Although speaking about media portrayals of Black versus those of Whites more generally, I think the same principles apply here. In many ways, Blacks are no more able to control their image in today’s society than yesterdays.’ Take one my classmates for instance. In doing a project on weed consumption amongst Harvard students he states, in class, that he wouldn’t ask the kids who hang in front of the T stop because “they don’t look like Harvard students.” First, what the hell does a Harvard student look like? Could one of the Harvard students be the 6’7 Black guy with the growing fro and the 14K chain with horseshoe charm? Well, my ID says I’m a Harvard student. Do I look the part? The sad part, in talking to him about the same project he asks me about “insights” into smoking weed. Again, as if I smoke weed. He did not ask me “Tony, do you blaze.” He simply asked me about the ins and outs of getting high at Harvard as if I would know.
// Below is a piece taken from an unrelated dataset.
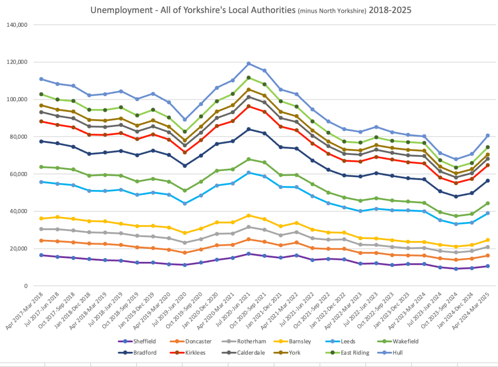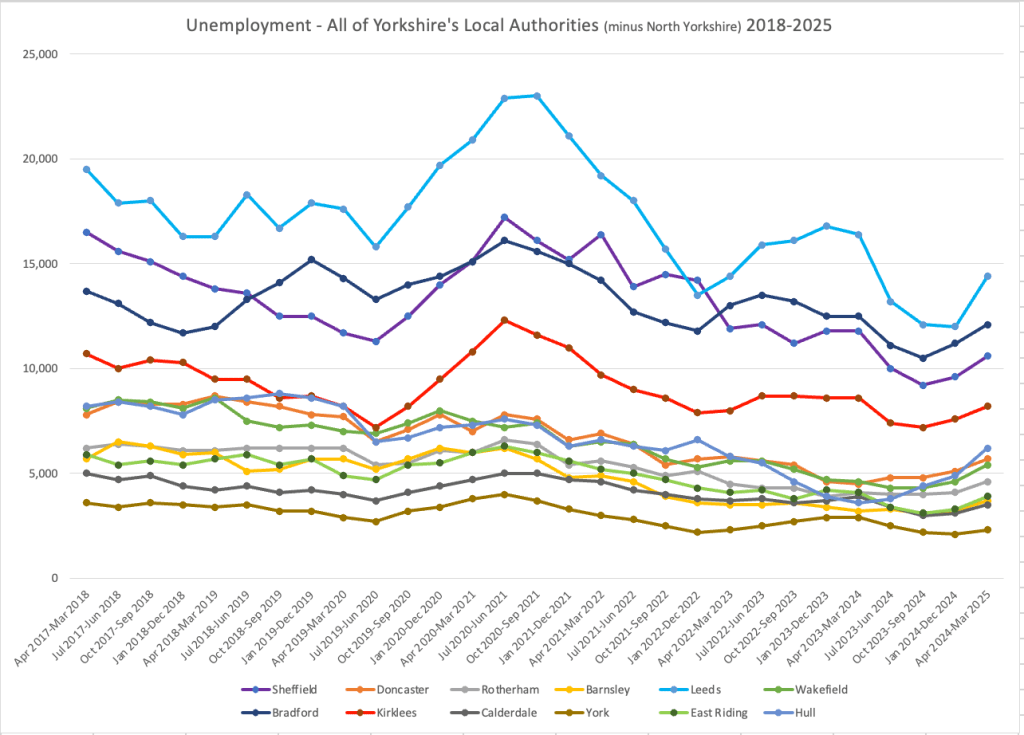 The u-shape for the 2024-2025 period is still evident, even if slightly less pronounced across all councils. However, Sheffield exhibits a pronounced u-shape in this graph as does Bradford and especially Leeds. These three cities, the three largest in Yorkshire, also clearly exhibit the greater volatility which, given their diverse economies compared to the other council areas, isn’t surprising. Leeds exemplifies this point as the largest city and city economy in Yorkshire, presenting a great deal of turbulence over time including a very pronounced ‘pandemic effect’ (coming in and out of the pandemic) and, more recently, having a very pronounced u-shaped trend that sees a current rate of sharply rising unemployment.

Even though the images have changed, the underlying meanings behind those images are still alive and well. For how would Sweeten know to add the detail of Cadillac as the type of car if it had not been from how Blacks are portrayed in pop culture, the media, and society as whole? To use that old adage, the devil is in the details. It is from this unchanging base that unfounded accusations such as those launched throughout history against Blacks more generally are not only able to made but also work to reinforce the image these false accusations attempt to build off of.